The phylogenetic analysis (Fig. 4) showed that the ITS sequence of Marasmius macrocystidiosus matched one sequence of a specimen identified as M. albimyceliosus Corner (GenBank no. HF546218 View Materials ), obtained during a project on molecular characterization and identification of gilled fungi from Himalayan moist temperate forests in Pakistan (Razaq et al., unpubl. data). The pairwise base differences (genetic distance) between both sequences was only 0.9%, indicating their high similarity. However, according to the observed morphological features, our specimen cannot belong to M. albimyceliosus ( Corner 1996, Wannathes et al. 2009b). It differs from M. albimyceliosus by having more robust collybioid basidiocarps with a non-striate pileus margin, non-intervenose lamellae and a twisted pruinose stipe, larger basidiospores (χ m = 8.1±1.0 × 3.7±0.3 µm vs. χ m = 6.8±0.5 × 4.0±0.3 µm) and a different Q ratio (2.1 vs. 1.7), as well as the presence of conspicuous large pleurocystidia with yellowish refractive content. In addition, our ITS sequence differs strongly from another sequence of M. albimyceliosus (GenBank EU935544 View Materials ) generated by N. Wannathes and co-authors ( Wannathes et al. 2009b) from Northern Thailand material. Unfortunately we did not have the opportunity to examine any specimens of M. albimyceliosus , but N. Wannathes and co-authors have given a detailed description of their specimens ( Wannathes et al. 2009b), which absolutely corresponds to Corner’s point of view ( Corner 1996). Therefore it is more likely that the Pakistan specimen and our collection belong to a different and previously unknown taxon which is described herein.

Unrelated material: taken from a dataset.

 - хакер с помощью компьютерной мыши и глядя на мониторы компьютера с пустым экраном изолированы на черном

FIGURE. Microscopic features of Marasmius macrocystidiosus sp. nov. (LE 295996). A. Spores. B. Cheilocystidia. C. Pleurocystidia. D. Elements of pileus surface. E. Caulocystidia.―Scale bar = 10 μm.

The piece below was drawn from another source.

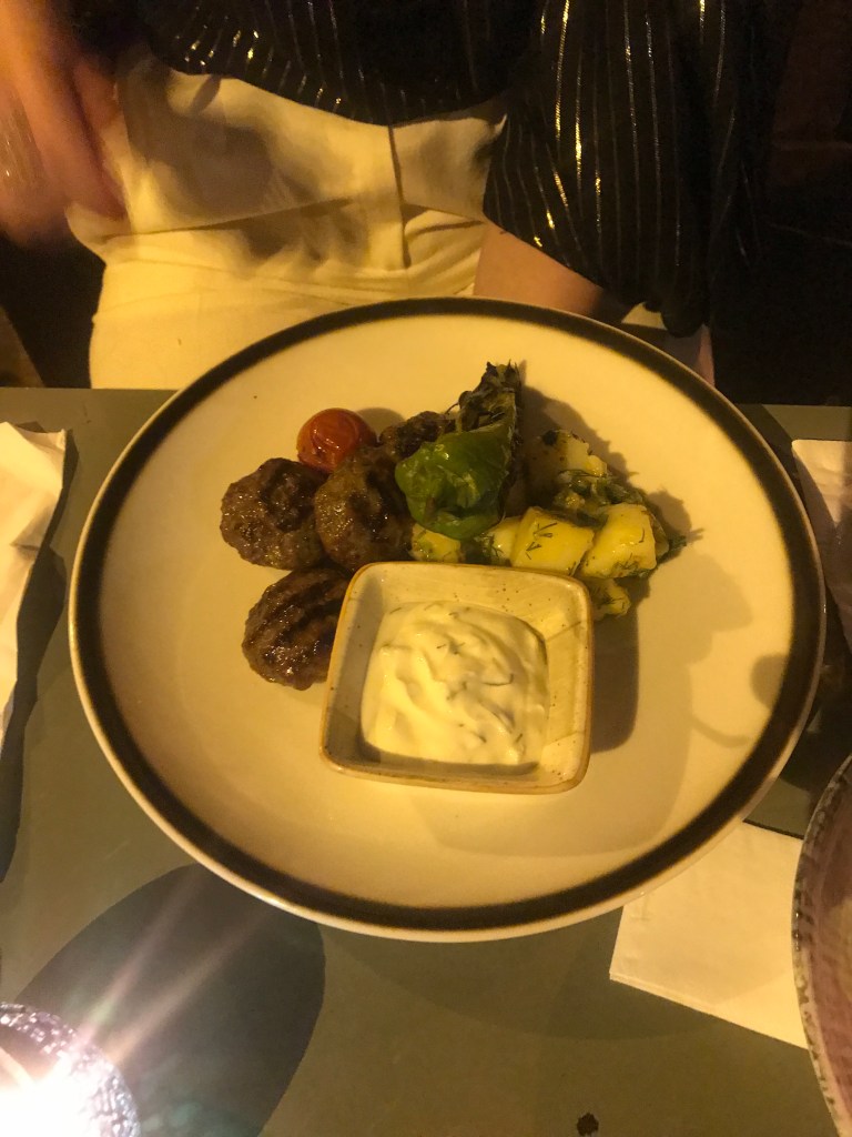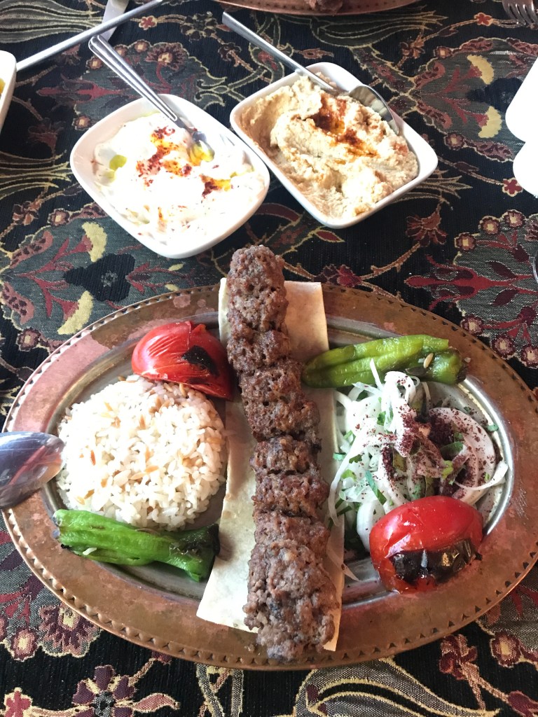 For dinner we took a stroll around Cihangir, a small district in Beyoglu, known for its quirky vibe, chilled out bars, new restaurants and music. We found a restaurant called Sesam. We sat outside in the evening breeze and enjoyed wine with our mezze and lamb kofta.

FIGURE. Best tree from the ML analyses of the nrITS data set for Marasmius . Bootstrap support values (ML/MP) are given above the branches. Thick branches designate clades having PP>0.95 (Bayesian posterior probabilities calculated for 2,500,000 generations). All tips are labelled with taxon name, GenBank accession number and country of the specimen’s origin.